Intermediate uptrend for WTI with resistance at $97.50 – $98.00 zone
The above two-year weekly area chart (shaded area) for West Texas Intermediate crude shows the near-term and intermediate uptrend. The major trend is down. WTI is trading above the 50-day (blue line) and the 200-day (red line) simple moving averages and the 50-day has crossed above (golden cross) the 200-day moving average. The current resistance level is the $97.50 to $98.00 price zone. This is the near-term price at which traders take profits. If WTI can breakout above $98.00, the major resistance zone will be the September, 2012 close of $99.01. And the even number of $100 around the intraday high of $100.42 would also be a major resistance level.
Brent crude is the the world standard (Europe and Asia) for crude oil pricing and West Texas Intermediate is trading at a discount relative to Brent pricing.

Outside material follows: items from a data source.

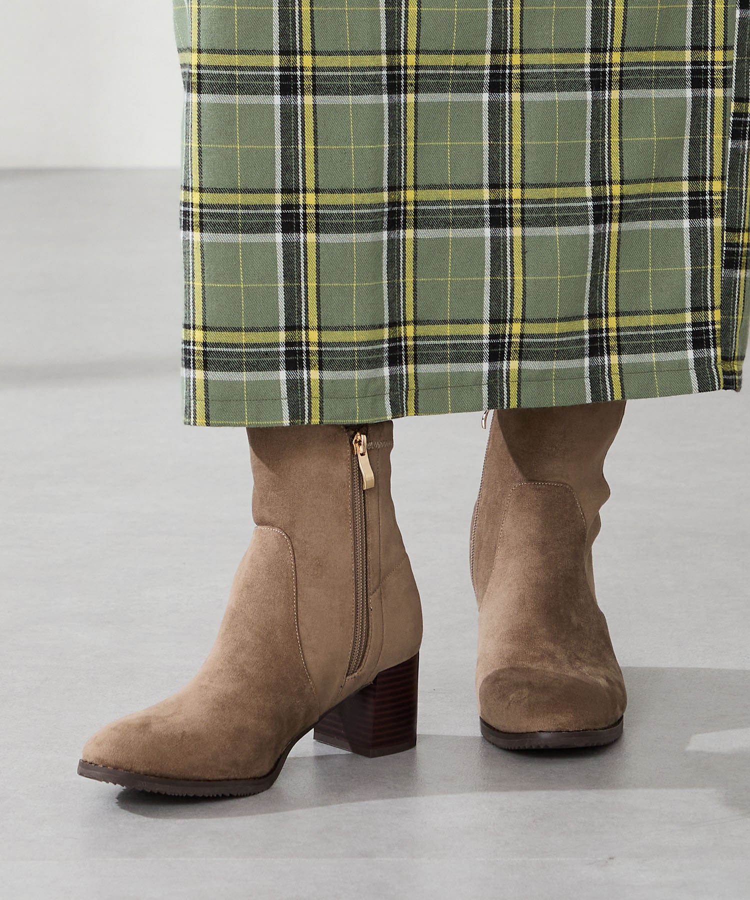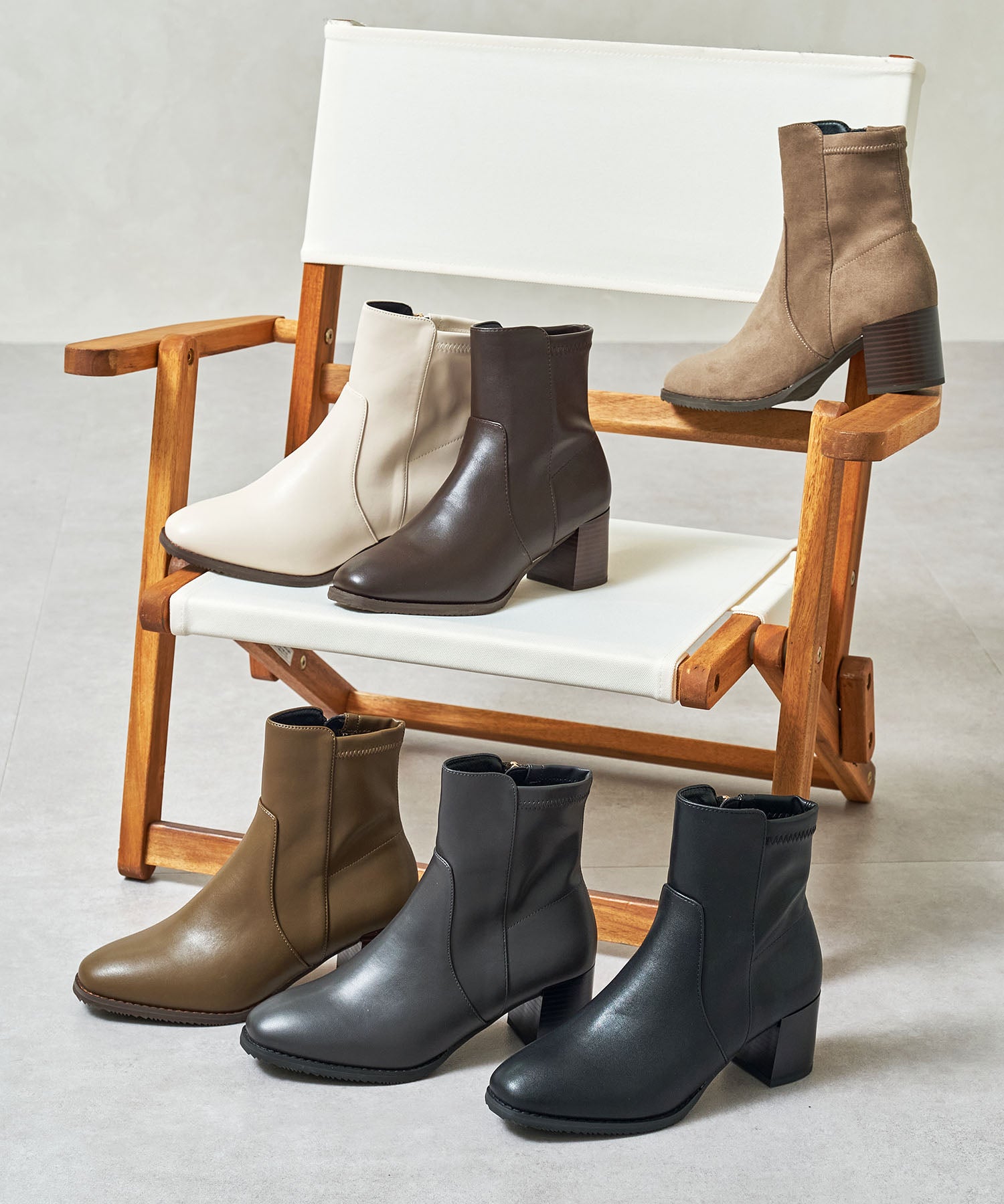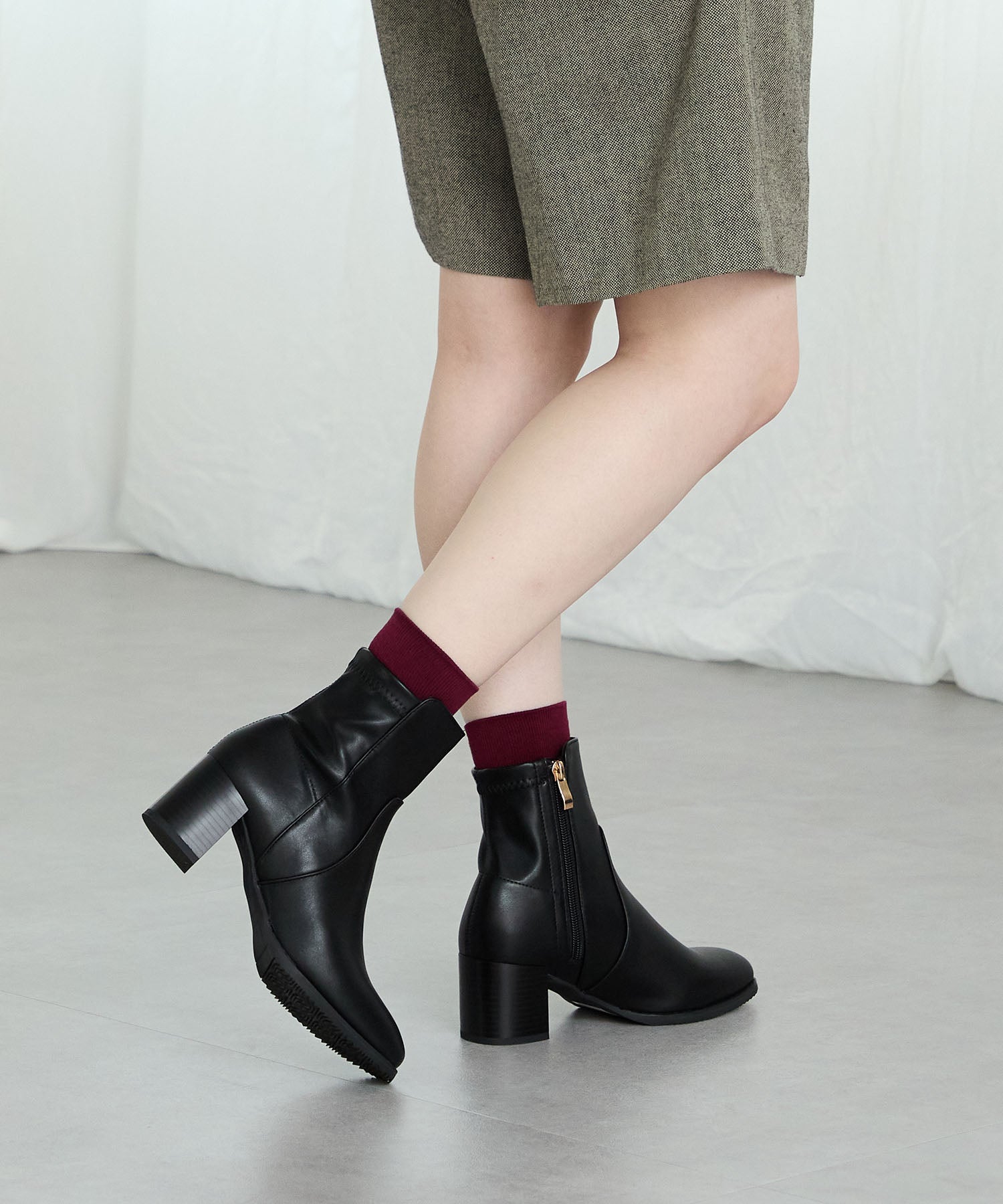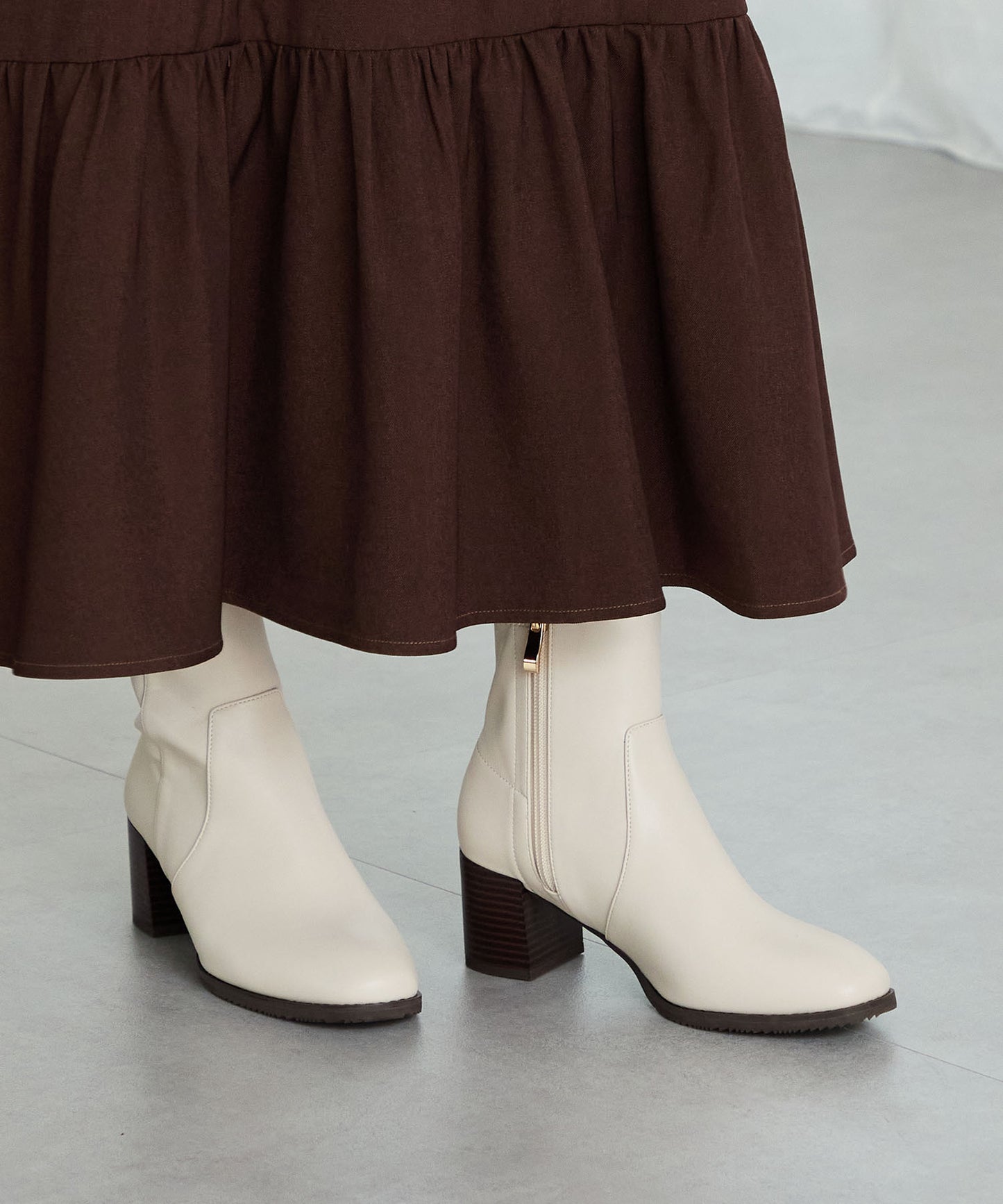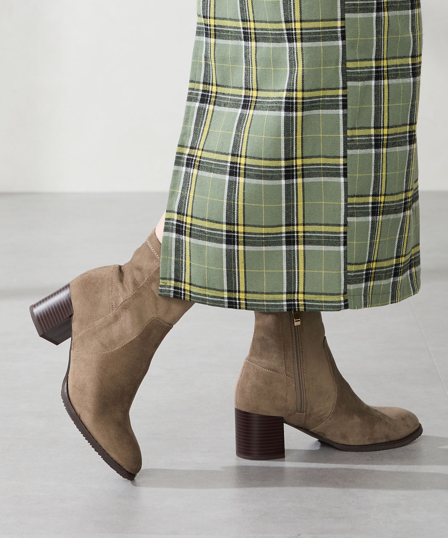 シルエットにとことんこだわった美脚効果抜群のブーツは、後ろ側を切り替え、伸縮性のあるストレッチ素材を使用することで圧迫感がなく、ストレスのない履き心地。カラー毎に素材を変えているのでお洋服の雰囲気に合わせて選ぶことが出来る。6㎝ヒールでも太めのチャンキーヒールにすることで歩行が安定し、疲れにくい。履き口に段差を付けたり、内側のゴールドのジップがアクセントに。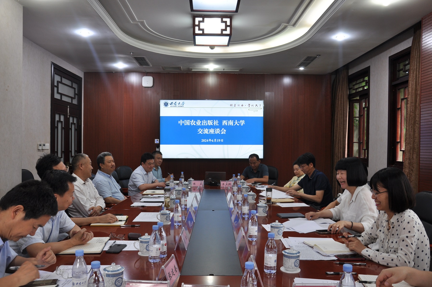 6月19日,中国农业出版社党委书记、董事长、社长刘天金一行来校开展调研交流。校长王进军、副校长葛信勇等会见客人。发展规划与学科建设部、教务处、出版社及相关学院负责人参加座谈交流。会议由葛信勇主持。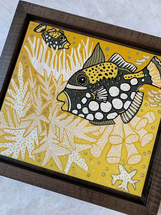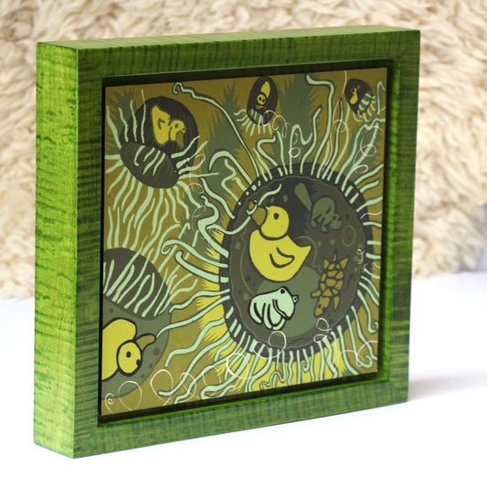 Pre-order Jellyfish and Rubber Duck woodcut framed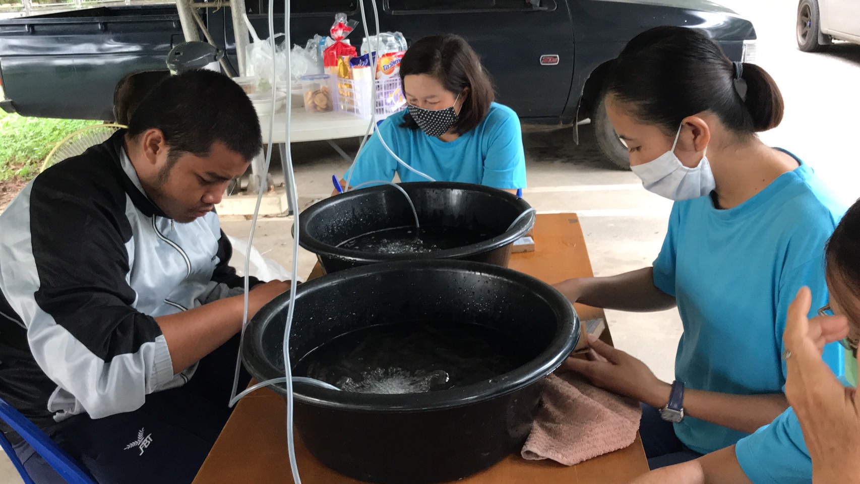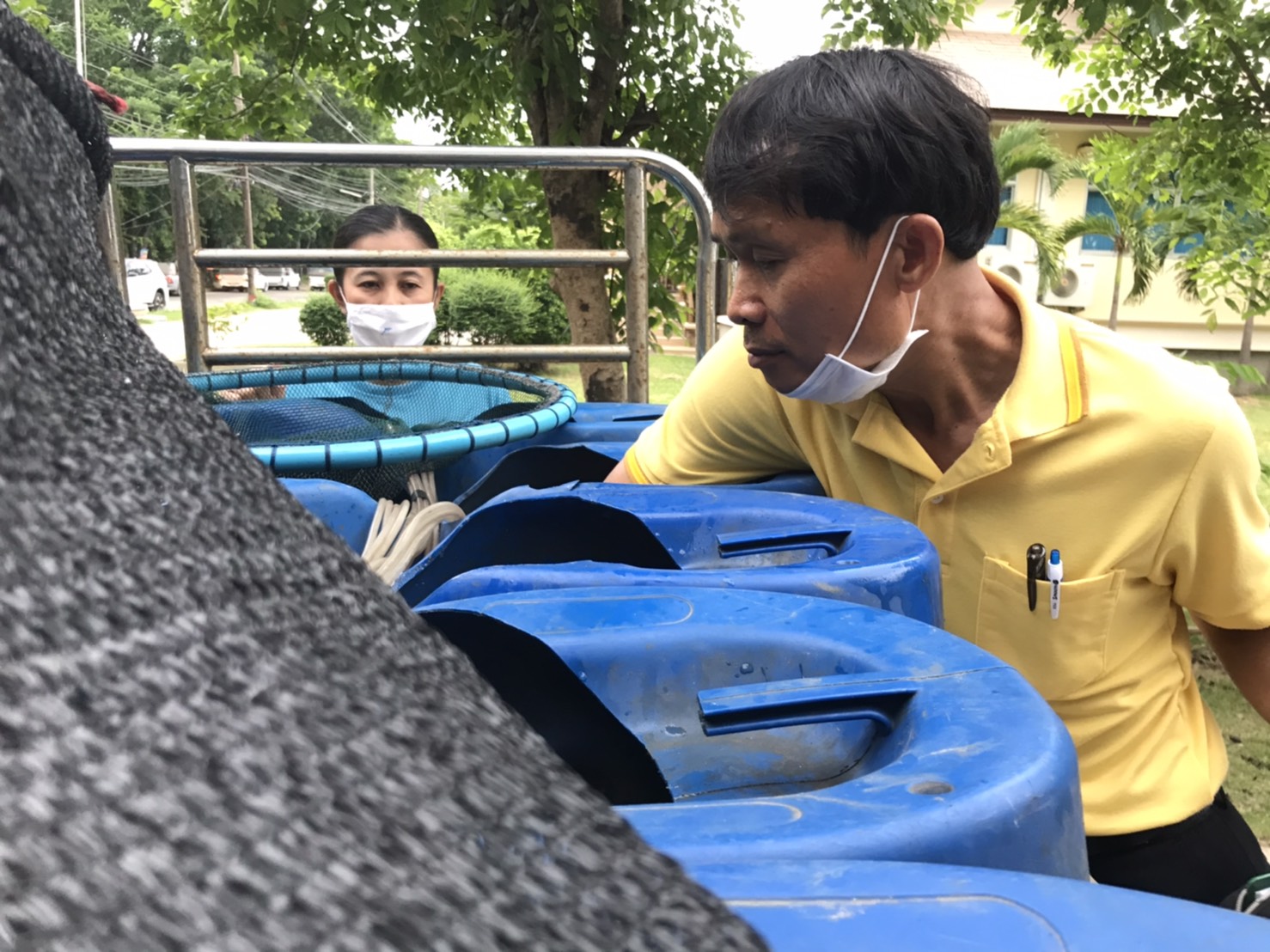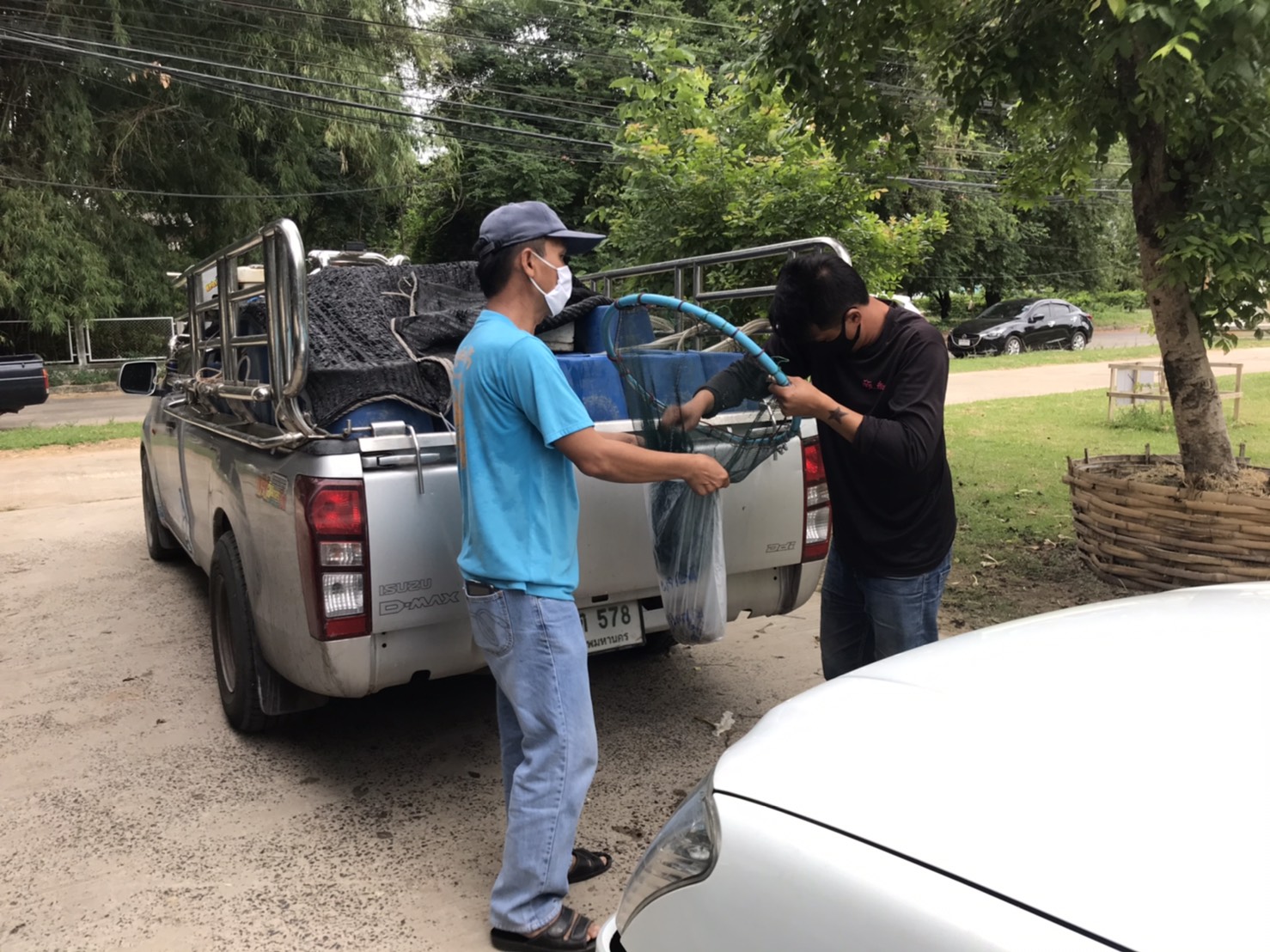 ประมงจังหวัดอุบลราชธานี พร้อมด้วยเจ้าหน้าที่สำนักงานประมงจังหวัดอุบลราชธานี ตรวจรับลูกพันธุ์กุ้งก้ามกราม 5-7 เซนติเมตร ในโครงการสร้างรายได้จากอาชีพประมงในแหล่งน้ำชุมชน ณ บริเวณ สำนักงานประมงจังหวัดอุบลราชธานี

I have charted the differential in a previous post. One could argue that WTI is trading in a sweet spot providing a reasonable profit for U.S. based oil companies while not a threat to increased inflation. It is a different situation for Canada where Western Canadian Select is trading at a $30.00 (rounded) discount to WTI which in turn is trading at a discount of $20.00 to Brent. There is no need to shed any tears for big Canadian oil companies like Suncor which are still generating positive cash flow at current pricing levels. But, from an investment perspective; world class oil companies in the U.S. and other countries will attract the investment dollars. An investment in Canadian oil companies is “dead” money for the intermediate term. Pipelines cannot be constructed overnight to transport crude. And, then there is the depressed price for North American natural gas. LNG terminals are expensive and controversial.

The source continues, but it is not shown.